E é neste contexto que tenho encontrado caminhos para realizar novas peguntas. As respostas sempre dependerão das perguntas e, para encontrar novas respostas, é preciso perguntar sempre de um modo diferente.
Por isso, a resposta para a pergunta do Caput é, na verdade, uma oportunidade de se fazer novas peguntas. A teoria musical é importante? Qual teoria musical? Quando? De quem, com quem, para quem? Por quê? Para quê? Como? Quando? Onde?

A partir destas perguntas – e outras tantas possíveis – certamente a resposta para a questão proposta – e para qualquer outra – será muito mais segura e provocadora de desdobramentos filosóficos e de ações concretas muito potentes, pois que carregadas de verdade! Eis outro ponto: não tenhamos medo de falar em “verdade” ou a partir de outras perspectivas metafísicas que por muito tempo e ainda hoje se buscou fugir como tabu. Não há fato mais cabal de que toda metodologia se aporta em um pressuposto fundacional teleológico e, portanto, metafísico. Um “para quê” é sempre movido de um “por quê”. Mas volto ao tema.

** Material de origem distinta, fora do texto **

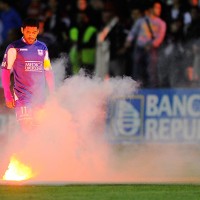 Nicolás Olivera iluminado por una de las bengalas encendidas que cayeron en pleno campo de juego.
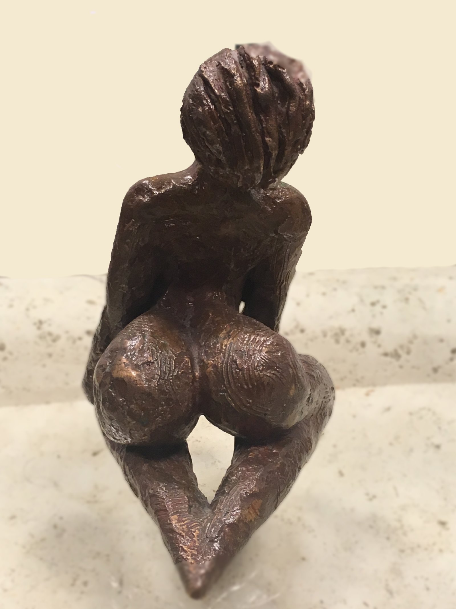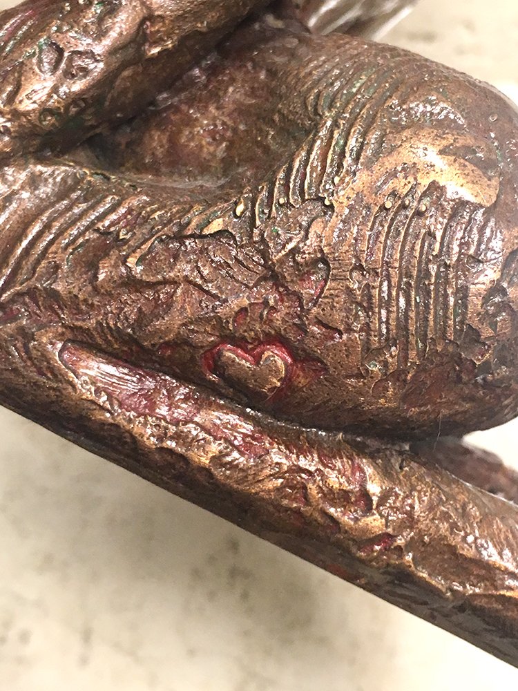 Un bronze de femme où un cœur est apparu spontanément pendant que je finissais l’original en terre. Le cœur a résisté à la cuisson au four puis à la fusion du bronze. Alors je l’ai appelée "Petit cœur". On peut en apercevoir un autre, en tournant la sculpture, selon l’orientation qu’on lui donne, un peu différent mais bien visible. Le voyez-vous ?
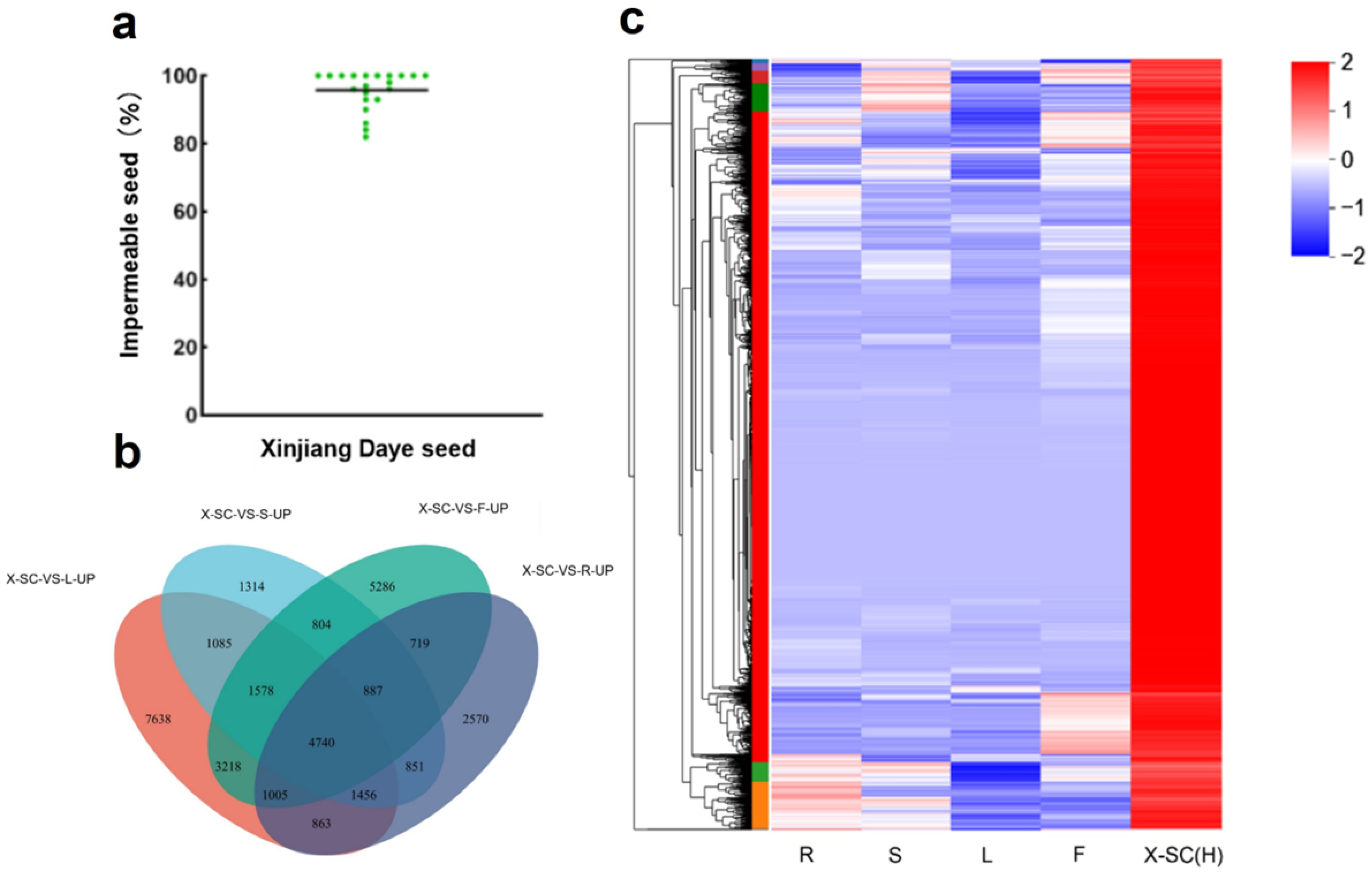 Figure 1. Screening the genes with higher expressions in the seed coat of Xinjiang Daye plants. (a) Green dots represent the impermeable seeds from each individual plant, and the horizontal line represents the overall average impermeable seed level of Xinjiang Daye. (b) Venn diagram analysis of differentially upregulated genes in Xinjiang Daye seed coat compared with other tissues (DEGs criteria log2 FC ≥ 2). (c) Heat map of specifically expressed genes in Xinjiang Daye seed coat (R, root; S, stem; L, leaf; F, flower; SC, seed coat).
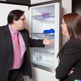I went back to the love-seat, while she was still banging away in the kitchen. Soon enough, she's in the refrigerator and hollering about all the food that's gone to waste.
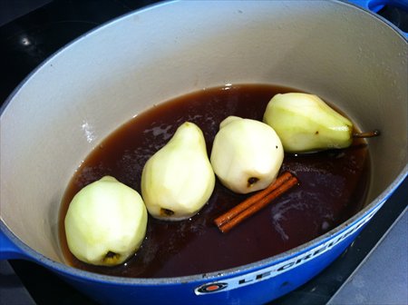 3. Put the pears in the syrup and cook over a low heat for 40 minutes, turning them occasionally so each
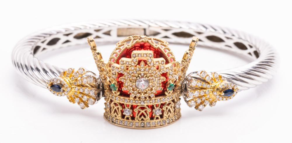 Lot 541 of 1487: Ladies Spectacular 14K Yellow and White Gold Pahlavi Crown Bracelet with 5 Man Made Diamonds and Real Accent Diamonds and Sapphi
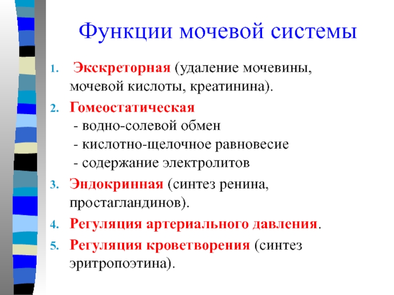 Экскреторная (удаление мочевины, мочевой кислоты, креатинина).
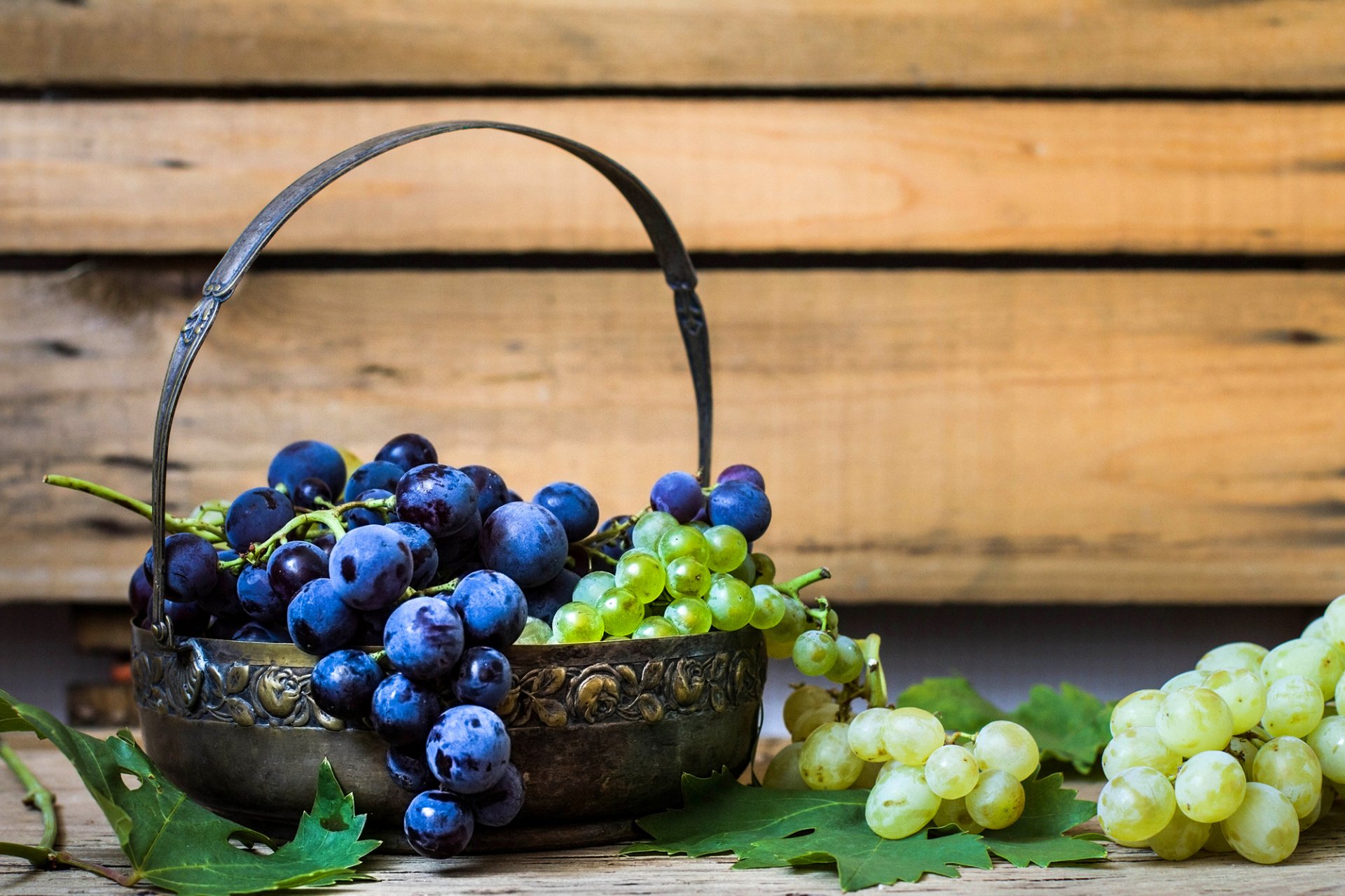Racimos de uvas blancas y rojas en la mesa y en la cestaRacimos de uvas blancas y rojas en la mesa y en la cesta
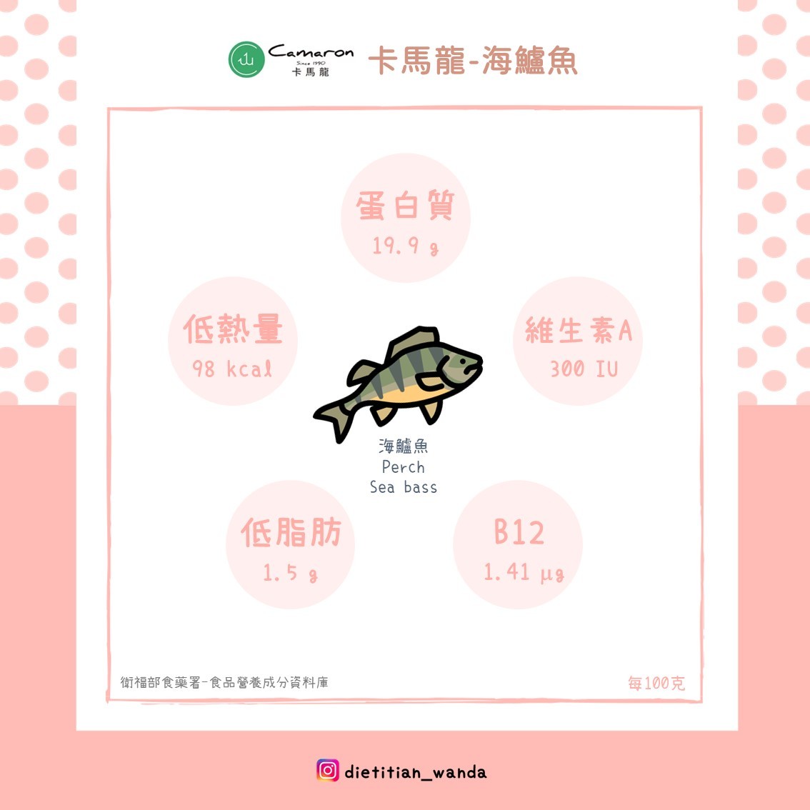 100公克含有19.9克蛋白質,約3份豆魚蛋肉類,以卡馬龍的鱸魚一片約200克,可以分兩餐食用,像營養師本人分享的便當裡就是半片鱸魚唷~一餐蛋白質就簡單get😋
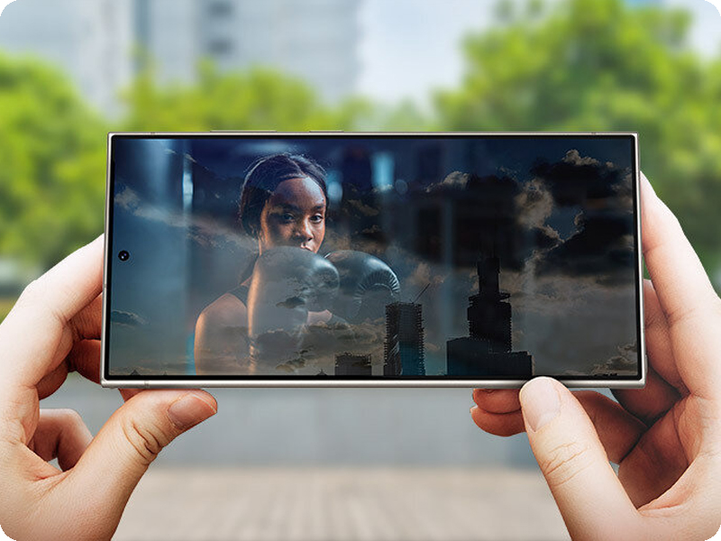 Samsung Galaxy S24 Ultra 5G wyposażono w wyświetlacz o przekątnej 6.8” oraz rodzielczości 3120 x 1440 px, który pozwoli Ci zobaczyć jeszcze więcej. Wysoka częstotliwość odświeżania 120 Hz zapewnia rewelacyjną jakość i płynność obrazu. Dzięki takiemu połączeniu, grafika wyświetla się płynnie, a wzrok męczy się mniej. Ponadto wysoka jasnoć wyświetlacza sięgająca do 2600 nitów, ułatwia korzystanie z urządzenia nawet w ostrym słońcu. Urządzenie automatycznie przystosowuje się do różnych warunków oświetleniowych. Połączenie nowoczesnych zastosowań, potężnego odświeżania i najwyższej klasy komponentów sprawi, że smartfon Samsung zrobi na każdym użytkowniku niezapomniane wrażenie.
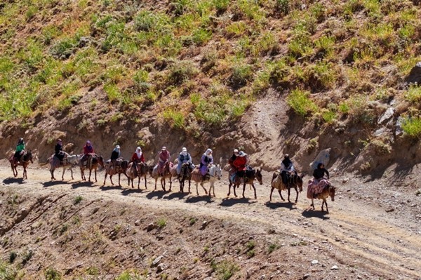 Berivanlar, katır sırtında patika yolları, sarp bölgeleri ve dik tepeleri aşarak kışın düşen ve halen erimeyen çığın oluşturduğu kar birikintilerinin üzerinden geçiyor. Yaklaşık 3 saat süren zahmetli yolculuğun ardından küçükbaş hayvan sürülerinin otlatıldığı 2 bin 800 rakımlı Küpe Yaylası'na ulaşıyorlar.
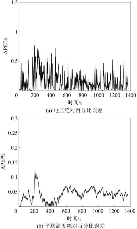 圖8 UDDS工況電壓、平均溫度絕對百分比誤差對比
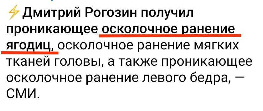 Поранення Рогозіна / Скриншот з телеграм-каналів
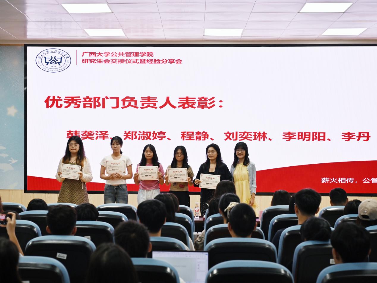 在表彰仪式环节,刘佩瑶为22届优秀部门负责人和优秀员工骨干颁发荣誉证书;侯俊丽为23届优秀志愿者颁发荣誉证书。

Tudo isso pra dizer que a teoria musical tem sua importância e seu lugar e é mais uma “forma de música” (parafraseando o conceito de “forma de vida”, do filósofo Wittgenstein). Generalizando, “teoria” é tudo aquilo que surge da prática e que impressionantemente pode modificá-la, re-significá-la. Mais especificamente, a teoria musical na sua acepção mais corriqueira é aquela que trata dos elementos básicos da música, cunhados numa perspectiva ocidental. E o ocidente, do ponto de vista filosófico, é afeito ao – e também “feito” a partir do logos, da palavra.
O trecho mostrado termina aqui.